Startled by his observation, I asked him what he meant. By the end of his explanation, I learned his father had raised him frequently observing that he really wasn’t “smart enough.”
Haunted by this man’s evaluation of himself, I’ve been paying attention to others’. When I note a person with healthy self-confidence, I ask about his or her father. Likewise, I’ve asked a number of people who fail to see their own gifts about their fathers, too.
In this admittedly unscientific survey, a picture emerges: We seem to carry our fathers’ opinions of us throughout our lives.
Turning instead to the hard science about the effects of fathers on their children, a number of studies indicate that fathers’ opinions—more than mothers’—have an enormous impact on their children's sense of self-worth.
Mothers matter, too, but father power may have a greater influence. Children expect praise from their mothers so they discount a lot of what their moms have to say. But dads’ words echo for years.

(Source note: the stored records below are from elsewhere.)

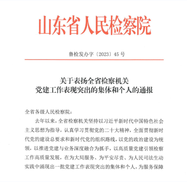 为了深入学习贯彻习近平新时代中国特色社会主义思想,全面贯彻落实党的二十大精神,扎实推进主题教育,弘扬伟大建党精神,庆祝建党102周年,进一步激励全省检察机关和全体检察人员立足岗位更好地发挥战斗堡垒和先锋模范作用,山东省人民检察院近日印发了《关于表扬全省检察机关党建工作表现突出的集体和个人的通报》,对党建工作表现突出的集体和个人予以通报表扬。其中,济宁高新区检察院政治部负责人张超获评全省检察机关党建工作表现突出的个人。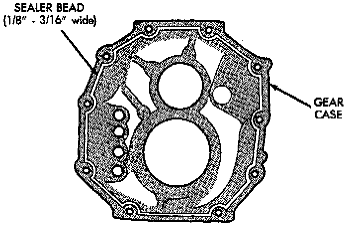 10. Apply a 1/8 to 3/16 inch wide bead of Threebond (R) Liquid Gasket TB1281, to sealing surface of adapter/extension housing, making sure to keep sealer bead to inside of bolt holes.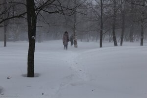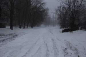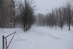 339-я Стрелковая дивизия. Есть следы снеготехники, но снега от этого не меньше. Площадь 339-й - большой трактор навалил кучу высотой наверно метров 5. Огромная белая скала снега!

And it’s more than just what dads say that matters. It’s also their very presence. The National Fatherhood Initiative (NFI) conducts research about differences in children related to their dads. According to Wade Horn, Ph. D. and Tom Sylvester of NFI, sustained contact with Dad is the strongest predictor of a son’s self-esteem. The most important single factor for daughters’ self-esteem is physical affection from their fathers. In both cases the crucial nature of Dad’s role is evident.
The authors also point to the impact fathers have on controlling antisocial behaviors in their children. In their book Father Facts, the authors share studies which show that “father love” is a better predictor than “mother love” for certain outcomes including absence of behavior problems and substance abuse, and overall mental health and well-being.
While they are often minimized by television sitcoms and other popular media, the truth remains: Dads Matter.